Column name for peptide sequence in protein evidence file

Protein ID Column (protein_id_col)

Column name for protein IDs in protein evidence file

Comparison Matrix File (comparison_file)

Pairwise comparisons (columns: comparison_label, condition_A, condition_B)

Apply Log2 Transformation (log2_transform)

Apply log2 transformation to intensities

Exclude Conditions (comma-separated) (exclude_conditions)

Comma-separated list of conditions to exclude from analysis (e.g., 'Norm,Empty')

Remove 'Norm' Channel (remove_norm_channel)

Automatically remove samples with condition 'Norm'

Column Completeness Threshold (col_filter)

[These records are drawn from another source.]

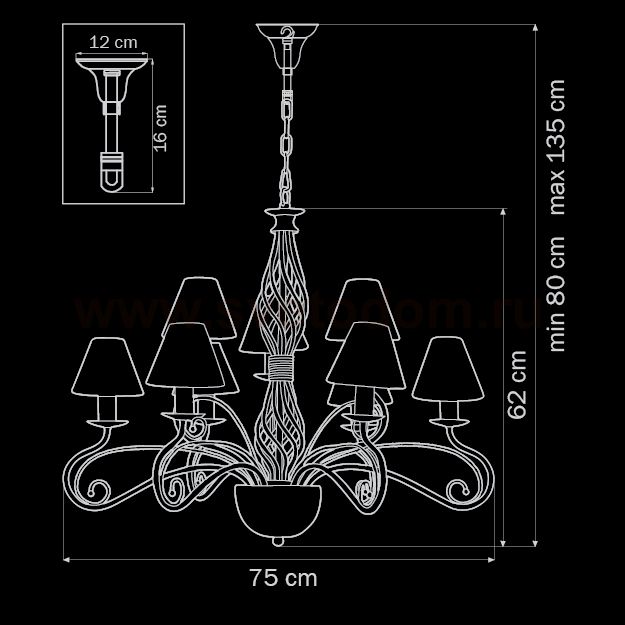 Максимальная потребляемая мощность лампы, которую можно использовать в люстре.
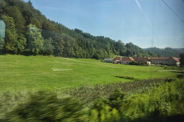 Saímos às 12:35 e chegamos às 15:10: apenas 5 minutos de atraso. Trem bem vazio. Só um rapaz chatíssimo escutando músicas chatíssimas na maior altura e incomodando todo o vagão. E todo mundo do vagão pediu para ele desligar, usar fone ou diminuir. Mas só no meio da viagem, depois da quinta tentativa, é que ele desligou. Acho que foi mais porque foi nessa hora a polícia da Eslovênia entrou no trem.
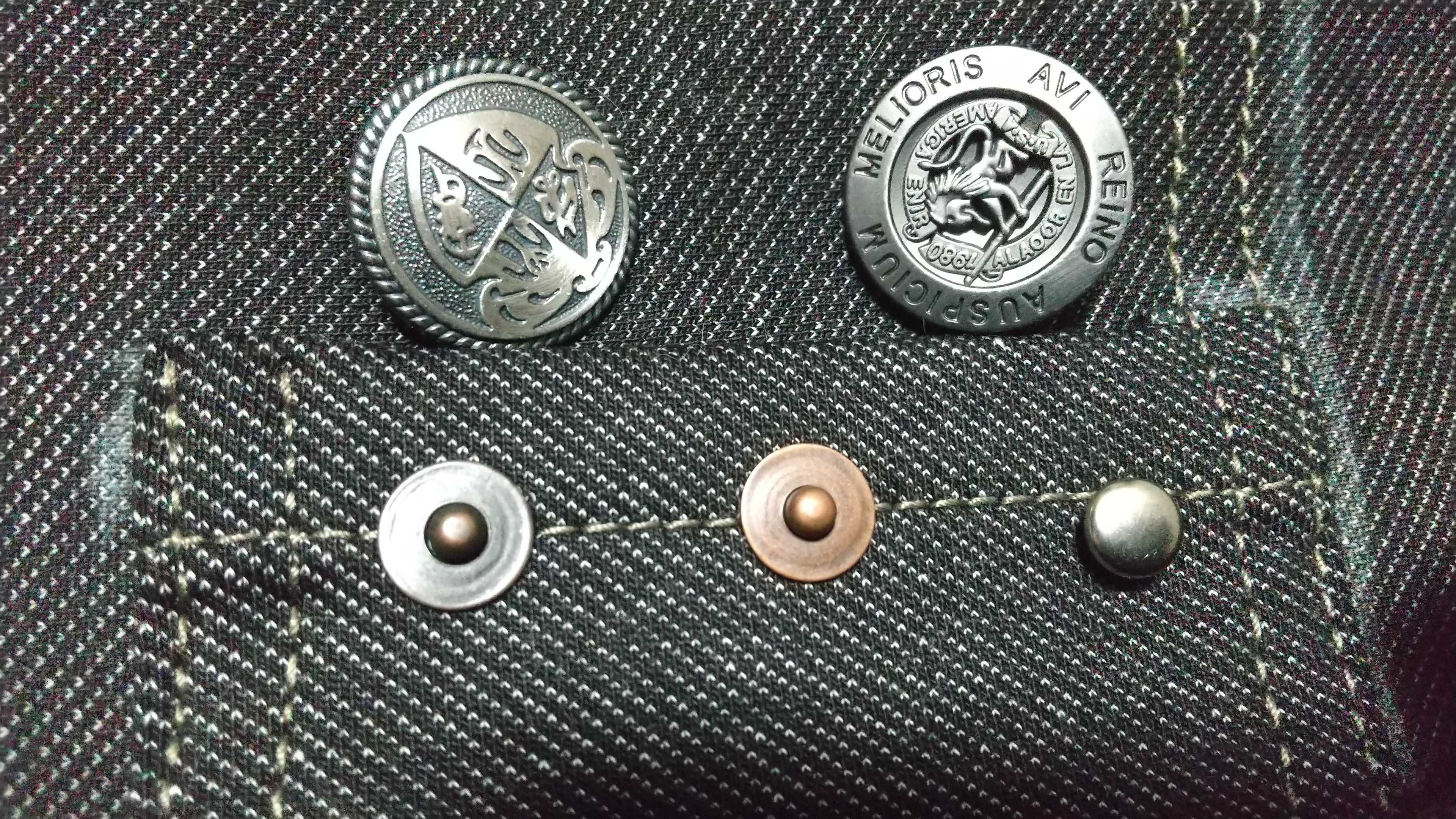 (上2つがボタン、左下の2つがリベット、右下がカシメ)ボタン(写真の上2つ)は、日暮里の熊谷商事で購入しました。打ち付けるタイプではなく、縫い付けるボタンです。厳密にはジーパン用でないと思いますが、それっぽいものを買ってきました。大きさは、20ミリくらいでちょっと大きめ。価格は左が360円、右が196円でした。リベット(写真の左下2つ)は、AmazonのCITRON JEANSというお店で購入しました。足の長さは8㎜。14オンスデニム2~4枚止められるそうです。4~7枚止める場合は、9㎜を使うと良いそうです。色は、左下がアシッド、下の真ん中がアンティーク。各12セット、打ち具付きで1490円でした。実は、最初、近所の大きな手芸店や楽天市場では、リベットが全然見つからず、結局諦めて、両面カシメ(中タイプ)を用意していました(写真の右下)。その後、Amazonで検索したらあったんですよね。実物を見たら、リベットって、カシメと全然違ったので、買えてよかった。ジーパンらしいものが作れそうです。CITRON JEANSというお店では、ホームページでジーンズ部品が売られていて、Amazonよりも種類が豊富みたいなので、リピートするときには、ホームページから購入するかもです。
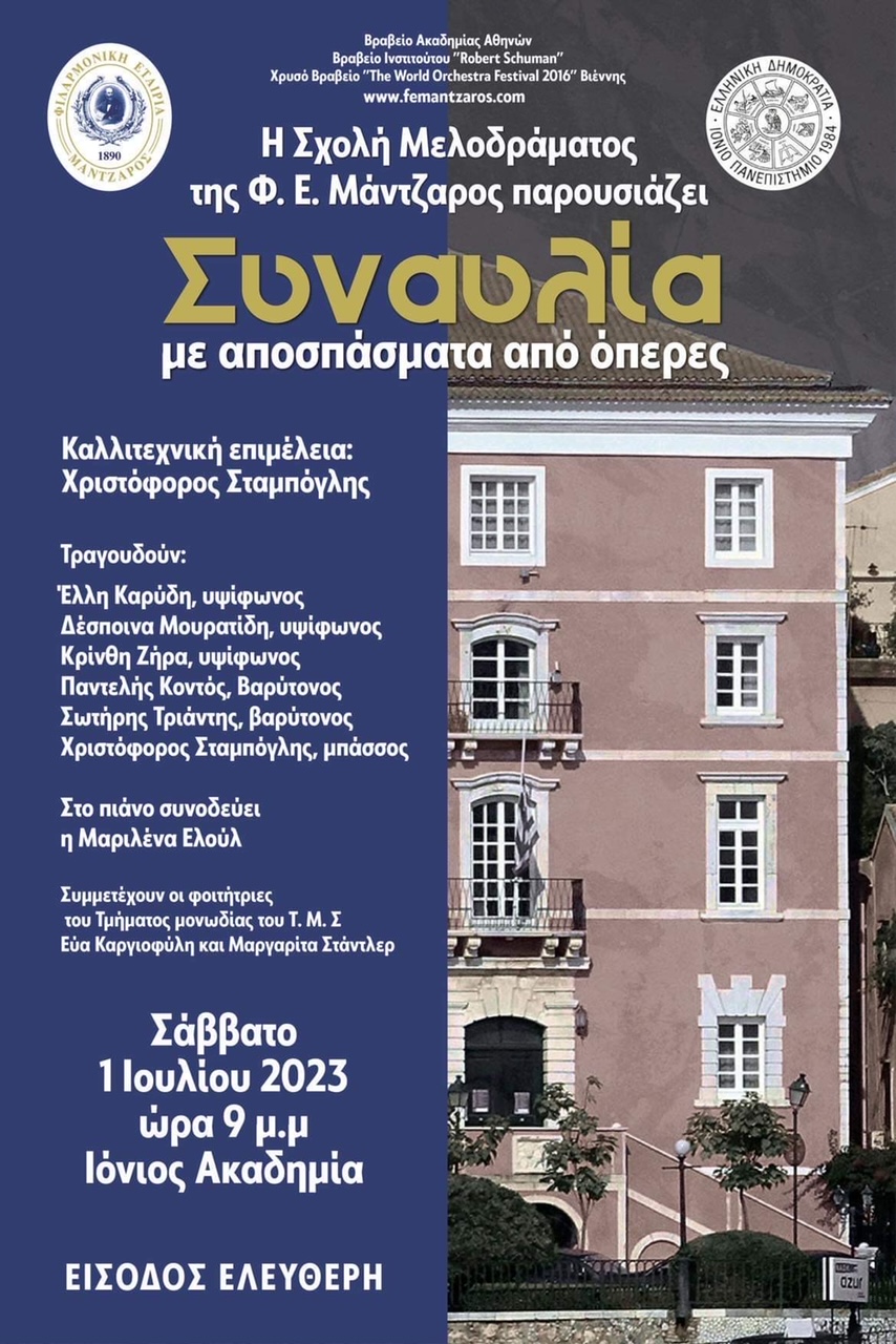 Η Σχολή Μελοδράματος της «Φιλαρμονικής Εταιρίας Μάντζαρος», θα πραγματοποιήσει συναυλία με αποσπάσματα από Όπερες, το Σάββατο 01/07/2023 και ώρα 21:00, στην επίσημη Αίθουσα της Ιονίου Ακαδημίας.
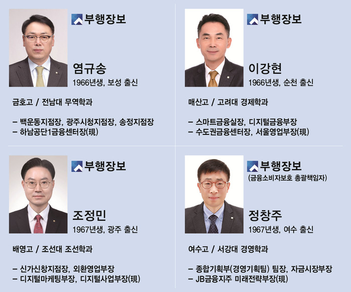 [시민일보 = 이대우 기자]광주은행(은행장 송종욱)은 임원급 부행장보 4명을 내부 발탁하여 선임하는 임원 인사를 단행했다고 밝혔다.
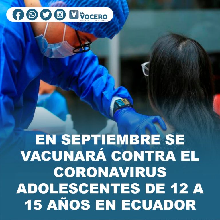 EN SEPTIEMBRE SE VACUNARÁ CONTRA EL CORONAVIRUS ADOLESCENTES DE 12 A 15 AÑOS EN ECUADOR
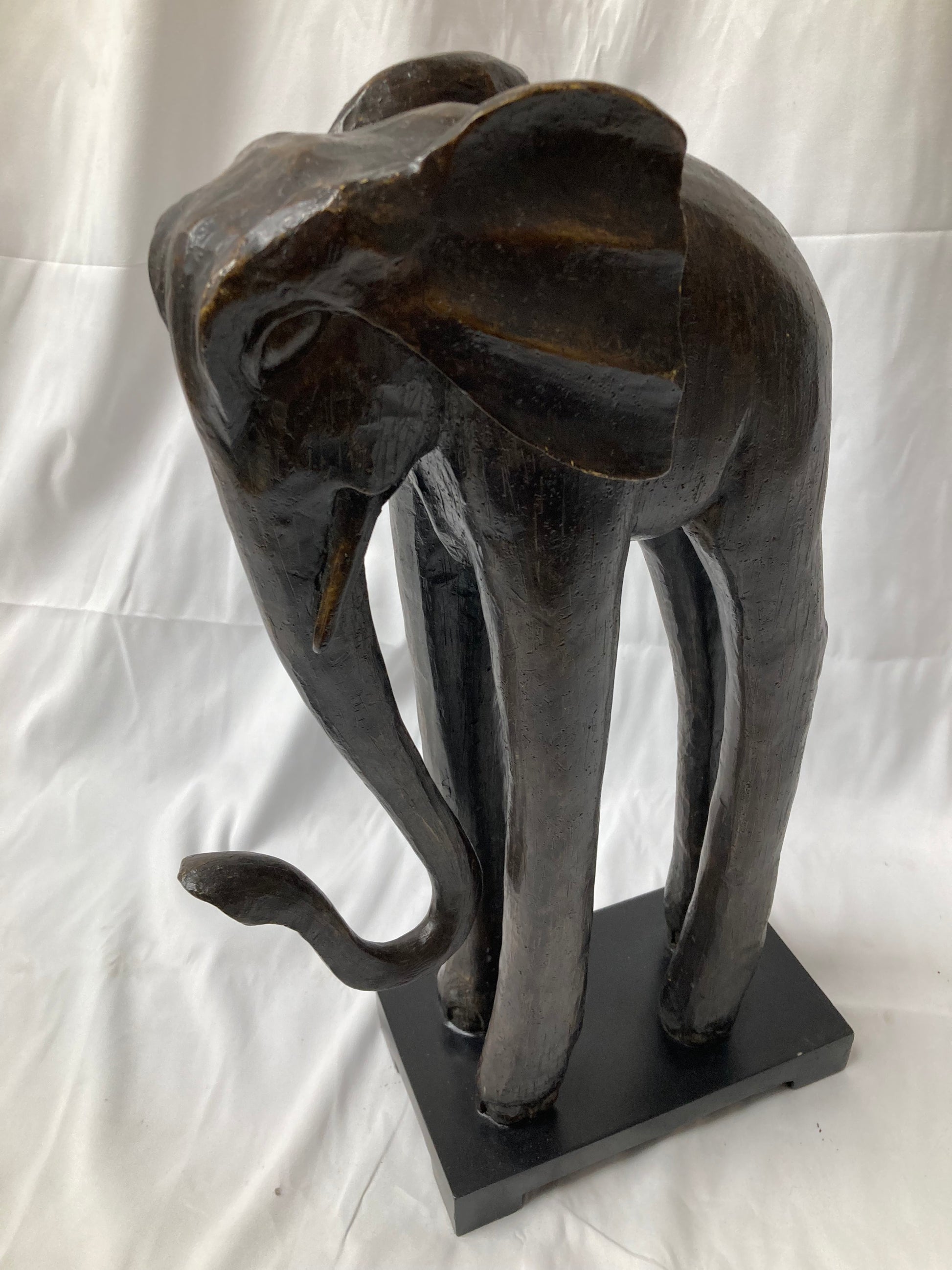 This carved wooden elephant statue brings a touch of global style and natural charm to any space. Standing tall on a sturdy base, the piece features smooth lines, deep brown tones, and an elegant elongated form that highlights its handmade appeal. A striking décor accent, it can be displayed as a standalone statement or incorporated into a collection of artistic pieces.
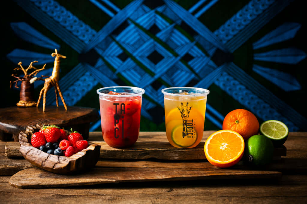 写真左が「ジャスミンティー×トリプルベリー 」、右が「凍頂烏龍茶×オレンジ&ライム」で、どちらもフルーツがたっぷりと入った夏だけの爽やかな味わいです♪
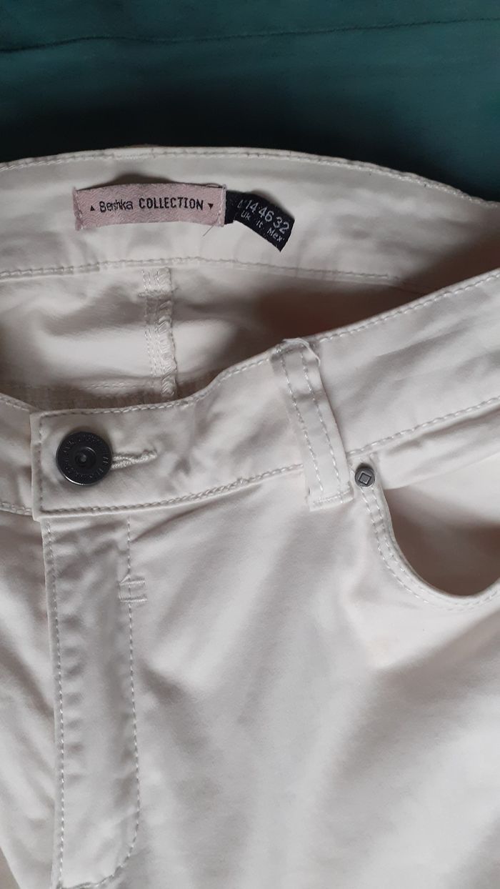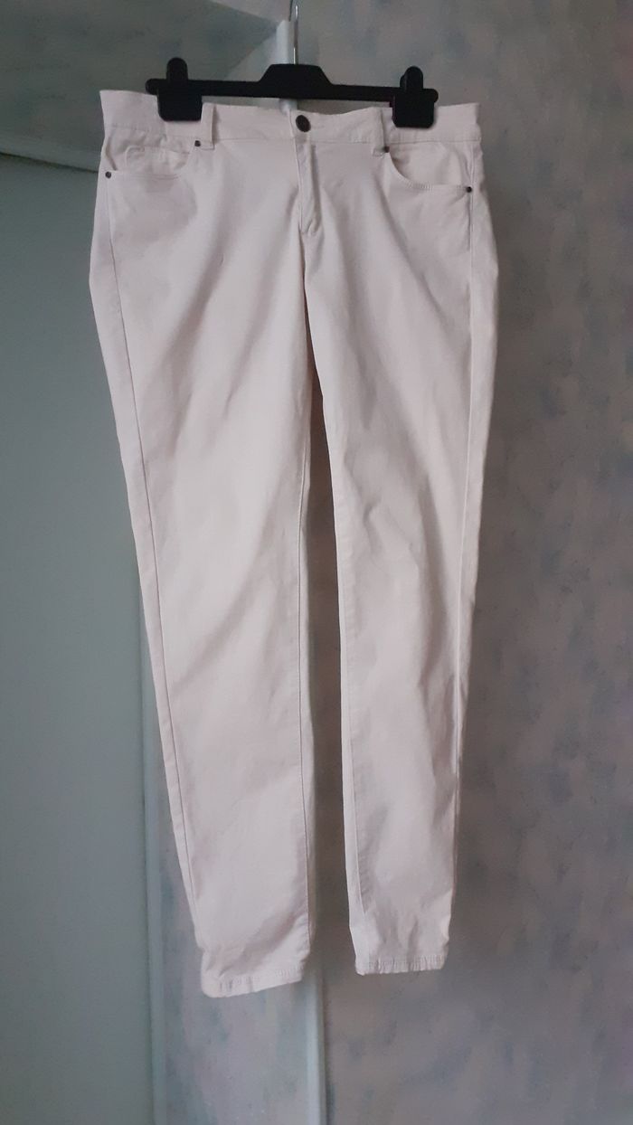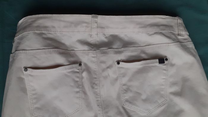 Vends un pantalon coupe jean, taille basse, 96 % coton, 4 % élasthanne, couleur crème, marque Bershka Collection, taille 42 EUR. Longueur entrejambe : 73 cm Largeur de la ceinture à plat : 43 cm.
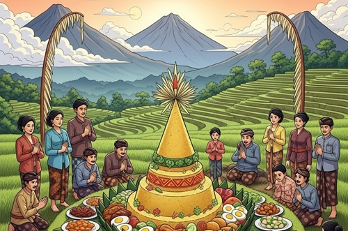 Pagi itu, embun masih menggantung di rumpun padi ketika warga sebuah pedukuhan di kaki Gunung Merapi mulai berdatangan ke balai desa. Mereka membawa ubarampe—tumpeng kuning, hasil panen, jajan pasar, hingga seikat kangkung yang baru dipetik—semua diselimuti niat yang sama: menjalankan laku Sedekah Bumi, sebuah tradisi Jawa yang memadukan rasa syukur, kerendahan batin, dan penghormatan kepada alam.
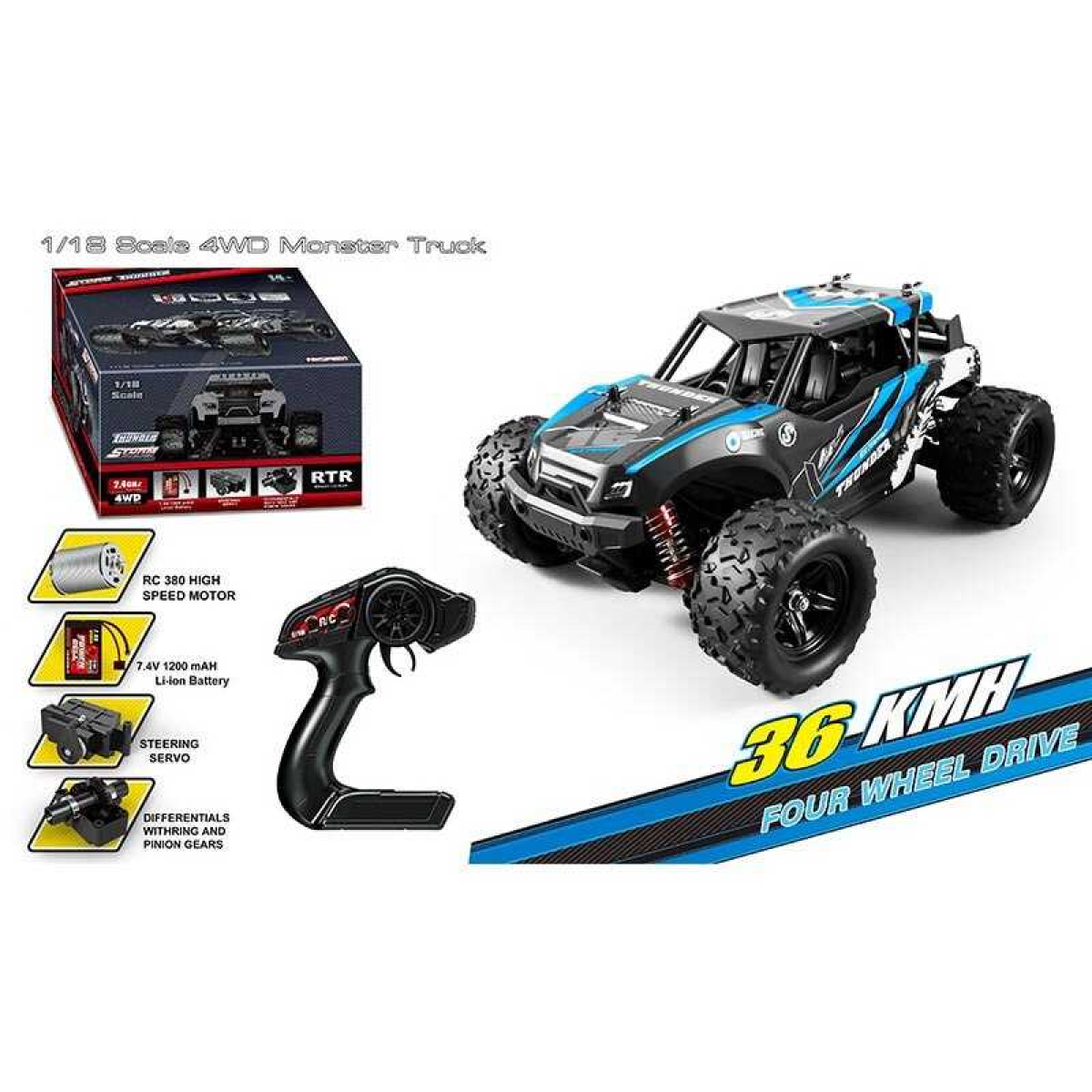 Машина на радіокеруванні HS 18312 (8) акумулятор 7.4 V, USB-кабель, пульт 2.4 G, протиударний корпус, гумові шини, швидкість до 36 км/г, в коробці

Maximum proportion of missing values allowed per sample. Default 0.7 = keep samples with ≥30% valid measurements.

Row Completeness Threshold (row_filter)

Maximum proportion of missing values allowed per feature. Default 0.7 = keep features with ≥30% valid measurements.

Imputation Order (impute_order)

When to impute missing values relative to normalization. 'after': normalize then impute. 'before': impute then normalize.

  • Options: before, after

Imputation Method (impute)

Imputation method for missing values

  • Options: none, knn, MinDet, MinProb, min, zero, mixed, nbavg, with, QRILC, MLE, bpca

Normalization Method (normalize_method)

Normalization method to apply

  • Options: none, center.median, center.mean, quantiles, quantiles.robust, vsn

Aggregation Order (aggregation_order)

When to aggregate peptides to proteins. 'after': normalize/impute peptides then aggregate. 'before': aggregate peptides then normalize proteins.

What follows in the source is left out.